Some research has been recently aimed at the development of soft computing semi-supervised methods aimed at increasing the classification accuracy. In [
12] is proposed a semi-supervised method using an evolutionary learning algorithm to construct a massive training set with large amounts of unlabeled data and a small quantity of labeled data. A semi-supervised hybrid sentiment classification model using a genetic algorithm and a logistic regression is applied on Twitter data in [
13]. Type-2 fuzzy classifiers are proposed in [
14,
15] for managing uncertainty in labeling data.
One of the main criticalities of these models is their computational complexity, which can limit their use in the management of massive data. To overcome this criticality, in [
16] is proposed a new unsupervised classification model applied to sentiment classification of social data, called fuzzy relevance emotional document classification (for short, FREDoC). FREDoC performs a fuzzy-based multiclassification of documents into prevailing emotional categories, evaluating the relevance of an emotional category in a document based on the use of the term frequency-inverse document frequency index.
The classification of areas of an urban fabric based on the impressions and reports of users represents a function to support decision makers and urban planners to evaluate the relationships between citizens and the services offered, or to analyze any situations of urban hardship or instability.

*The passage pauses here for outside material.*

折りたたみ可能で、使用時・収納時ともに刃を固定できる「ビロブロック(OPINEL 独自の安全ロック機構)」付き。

In [
17], a semi-supervised classification model proposed in [
18] and based on the extended fuzzy C-means fuzzy clustering algorithm [
19] was built to classify urban areas based on citizens’ moods. This model was used to evaluate the livability of the neighborhood perceived by citizens residing in the districts of the municipality of Bologna (Italy).
In this work, a GIS-based framework was built that implements the FREDoC model to classify urban areas based on user information extracted in social media posts or interview reports. The main drawback of this approach is given by the iterative process of the partitive clustering algorithm. In addition, this approach requires creating mapping between the class and the corresponding cluster. In [
17,
18], this mapping was generated by associating to the class the cluster to which the majority of data points in the training set assigned to that class belong. Finally, this model does not perform the multiple classification of data points by assigning a data point to the class corresponding to the cluster to which the data point belongs with the highest membership degree, even if the membership degrees to other clusters are not negligible. These drawbacks are overcome in FREDoC, in which a fuzzy partition of the emotional relevance measure is constructed to evaluate the incidence of an emotional category in a document and a multiclassification of a document is performed assigning it to the more relevant emotional categories.

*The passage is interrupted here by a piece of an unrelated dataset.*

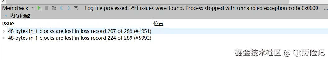 检测结果如下所示,出现两个内存泄漏,大小分别是409600字节和16字节。
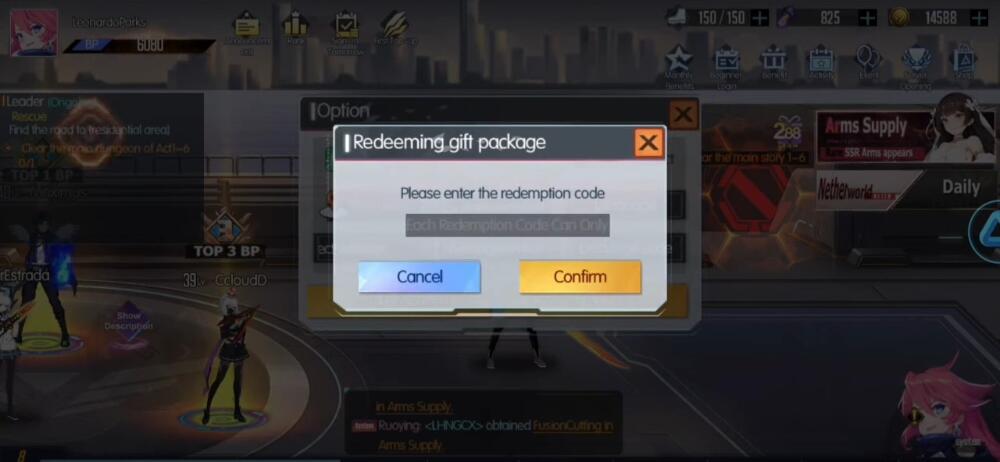 Step 5: Enter the gift code in the table above into the text box. Then press "Confirm" to receive rewards.

We generalize the FREDoC classification model, extending the concept of emotional categories to characteristics or entities that identify a problem. In particular, we have implemented the FREDoC model in a GIS-based framework to classify subzones in which an urban area is partitioned; the framework was tested on an urban study area to classify the subzones by relevance of reported failures on categories of urban subsystems, such as roads, residential buildings, public buildings and transport infrastructures, lighting networks, and public green areas. The data points consist of reports made over time by citizens through the use of different channels in a deconstructed or semi-structured way. A thematic map of the relevance of the category in the subzones of the study area is produced for each category and for each time frame.
Aims and Advantages of This Research
The specific aims of this research are the following:
- -
Implementing a GIS-based model to classify the subzones into which an urban area is partitioned in terms of relevance of a specific category and analyze its temporal evolution.
- -
Analyzing the temporal evolution of the relevance of a category in a subzone, dividing the period in which citizens’ reports are entered into time frames.
- -
Provide a GIS-based framework to support the decision maker for the analysis and monitoring of problems in urban contexts reported on different channels by citizens and residents.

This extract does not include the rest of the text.